Lors de la séance, Gotlib a balayé les accusations avec une contre-offensive directe. Évoquant les messages envoyés pour « noircir le gouvernement » — selon sa propre formulation — elle a posé la question centrale qui structure une partie du débat politique israélien depuis octobre 2023 : « Le Premier ministre est-il coupable ? En quoi est-il coupable du fait qu’à 6h29 » — heure à laquelle a débuté l’attaque-surprise du Hamas — « on lui annonce ce qui se passe ? »

La référence à cet horaire précis est lourde de sens dans le contexte israélien. Le débat sur la chaîne d’alertes et d’informations dans les heures précédant le massacre du 7 octobre reste l’une des questions les plus brûlantes des enquêtes en cours. Gotlib a également interpellé son auditoire sur une question restée sans réponse publique : « Où sont les cartes SIM qui ont été changées ? » — une allusion à des éléments dont elle suggère qu’ils éclairerait différemment les responsabilités dans la préparation ou la non-anticipation de l’attaque.

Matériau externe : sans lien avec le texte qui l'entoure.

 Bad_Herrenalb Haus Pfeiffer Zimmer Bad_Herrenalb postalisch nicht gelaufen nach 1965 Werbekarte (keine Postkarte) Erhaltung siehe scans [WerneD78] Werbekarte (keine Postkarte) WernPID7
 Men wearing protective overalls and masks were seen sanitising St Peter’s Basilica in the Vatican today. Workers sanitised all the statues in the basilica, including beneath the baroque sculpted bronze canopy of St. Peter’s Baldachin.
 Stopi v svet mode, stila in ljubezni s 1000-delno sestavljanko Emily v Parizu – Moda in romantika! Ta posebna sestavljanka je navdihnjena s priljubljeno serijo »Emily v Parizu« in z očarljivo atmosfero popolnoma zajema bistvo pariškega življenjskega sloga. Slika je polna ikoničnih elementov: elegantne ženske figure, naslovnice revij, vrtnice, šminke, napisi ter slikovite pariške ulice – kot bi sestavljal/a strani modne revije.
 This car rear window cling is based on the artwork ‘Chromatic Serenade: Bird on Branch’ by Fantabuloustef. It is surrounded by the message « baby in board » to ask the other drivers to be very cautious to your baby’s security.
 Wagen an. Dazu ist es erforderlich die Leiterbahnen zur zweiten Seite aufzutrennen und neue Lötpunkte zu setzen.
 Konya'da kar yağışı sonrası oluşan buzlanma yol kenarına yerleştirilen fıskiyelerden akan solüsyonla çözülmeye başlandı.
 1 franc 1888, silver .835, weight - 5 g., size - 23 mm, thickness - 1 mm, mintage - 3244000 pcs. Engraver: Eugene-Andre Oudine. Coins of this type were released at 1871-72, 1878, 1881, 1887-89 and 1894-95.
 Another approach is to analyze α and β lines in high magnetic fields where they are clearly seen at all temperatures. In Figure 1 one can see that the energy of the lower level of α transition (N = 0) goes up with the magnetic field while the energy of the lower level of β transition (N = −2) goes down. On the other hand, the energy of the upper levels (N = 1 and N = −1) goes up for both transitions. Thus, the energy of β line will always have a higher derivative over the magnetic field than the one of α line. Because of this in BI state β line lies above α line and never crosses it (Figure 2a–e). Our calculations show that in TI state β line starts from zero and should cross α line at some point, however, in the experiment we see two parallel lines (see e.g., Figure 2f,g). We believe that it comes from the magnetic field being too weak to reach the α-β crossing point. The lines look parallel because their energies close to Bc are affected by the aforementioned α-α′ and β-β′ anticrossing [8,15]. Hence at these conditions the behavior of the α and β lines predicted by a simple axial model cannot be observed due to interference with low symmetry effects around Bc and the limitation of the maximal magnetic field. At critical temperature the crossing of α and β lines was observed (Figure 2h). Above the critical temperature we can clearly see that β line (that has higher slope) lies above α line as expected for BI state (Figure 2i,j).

« Il aurait pu sauver tout le Sud »

Plus surprenant encore dans le cadre de sa propre défense judiciaire, Gotlib a lancé : « Le Premier ministre aurait pu sauver tout le Sud. » Une formule à double lecture, qui peut être interprétée comme une défense de Netanyahou — en sous-entendant que les circonstances ne lui en ont pas laissé la possibilité — ou comme une charge contre ceux qui lui imputent la responsabilité d’une catastrophe qu’il n’aurait, selon elle, pas eu les moyens d’éviter à partir du moment où l’information lui est parvenue.

Elle a également mis en cause l’ancien ministre de la Défense Yoav Gallant, interrogeant publiquement son courage face aux révélations en cours : « Gallant, où est le courage ? »

Ces déclarations s’inscrivent dans une stratégie de défense qui fait de la commission parlementaire non pas une simple procédure judiciaire, mais un espace politique à part entière. Gotlib a répété qu’elle considère sa demande d’immunité comme relevant de la « sainteté » de la fonction de député, et que ses actes — y compris la révélation de l’identité de l’agent du Shin Bet — ont été accomplis dans le cadre de son mandat parlementaire.

La demande d’immunité devrait être approuvée par la commission, où la coalition dispose d’une majorité. La décision devra ensuite être validée par la plénière de la Knesset.